Some of the standard roadblocks remain. Oftentimes there is a lack of natural history and information. People are now realizing the importance of having a rational basis for an outcome measure in a clinical trial. The best information still comes from properly conducted natural history studies. As I noted above, we support a lot of these studies through the RDCRN, but there are more rare diseases than we can support through this mechanism.
Another roadblock we face is access to funding, both public and private. In the drug development area, in the past, pharma companies saw the rare disease space as less attractive than more common diseases. However, we have seen a lot of progress in this regard, as there is clearly increased interest in rare diseases from small, medium and big pharma the like. It’s an exciting time
Another issue is that with gene therapy in a rare disease with a very small patient population, you may actually end up treating most of your patients in the clinical trial. If so, because gene therapy is a one-time treatment, there will not be any market for your drug. This is fundamentally different than most treatments that must be taken continuously. This is not an issue of price; there simply is not even a market. Given the recent success stories in gene therapy, and the rapid pace of gene editing, its important to think about creative ways to address those issues, so that no diseases are left behind. With the potential implications of gene therapy, we have to think creatively about platform approaches to address some of those issues.
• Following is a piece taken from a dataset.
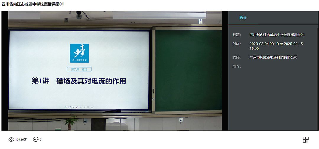 2月5日,威遠縣教體局針對全縣高三畢業班學生,特意通過奧威亞錄播設備開展在線教學活動。截止3月6日,課程直播點擊量超過2000萬人次,在線人數高達6000余人。

How can digital technologies (and the embracement of digital disruption & big data) overcome some of the operational and scientific obstacles to rare disease trials?
There are many ways in which digital technologies can overcome certain obstacles to rare disease trials. One example is wearables that are able to collect objective data and then store and analyze it. This type of data is excellent natural history data without a lot of effort. The burden for patients to travel is removed, which is especially relevant for very sick patients that are often physically not in a condition to travel across the country.
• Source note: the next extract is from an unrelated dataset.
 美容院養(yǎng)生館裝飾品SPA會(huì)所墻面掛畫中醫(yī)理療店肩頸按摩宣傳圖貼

For diseases that affect people’s behavior, you could also record people via remote video, optimally in their own home, behaving how they do on a day-to-day. This seems potentially very impactful, especially as the US is a big country with only a few specialists in certain rare diseases. Rather than having patients travel to those experts, you could imagine clinical trial evaluations being done remotely.
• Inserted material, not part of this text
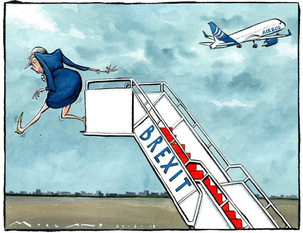 Morten Morland, for the Political Cartoon Gallery and Cafe in London, draws on Airbus’ threat to quit the UK after Brexit if PM Theresa May fails to agree to a trade deal with EU. The company, which employs about 14,000 people at 25 sites in the UK, said it will “reconsider its long-term footprint in the country” if there is no deal.

What pertinent initiatives at NCATS would you like to highlight?
In addition to those mentioned above, NCATS also supports the Clinical and Translational Science Awards (CTSA) program, which is designed to develop innovative solutions that will improve translational science. Under the CTSA Collaborative Innovation Awards program, there are a couple of rare disease related efforts.
One is the Growing Gene and Cellular Therapies project ( www.ggact.org/ ) which is designed to support new investigators to initiate clinical gene therapy trials. Another is Early Check ( https://earlycheck.org/ ), which is testing a new approach to newborn screening for genetic diseases. Treating degenerative disease will be most effective if started before the disease has progressed, but without newborn screening, patients will be identified based on symptoms, which result from disease progression. In Early Check, the goal is to offer “opt in” newborn screening for SMA (spinal muscular atrophy) and Fragile X syndrome to the parents of every baby born in the state of North Carolina. It’s a really exciting translational science experiment.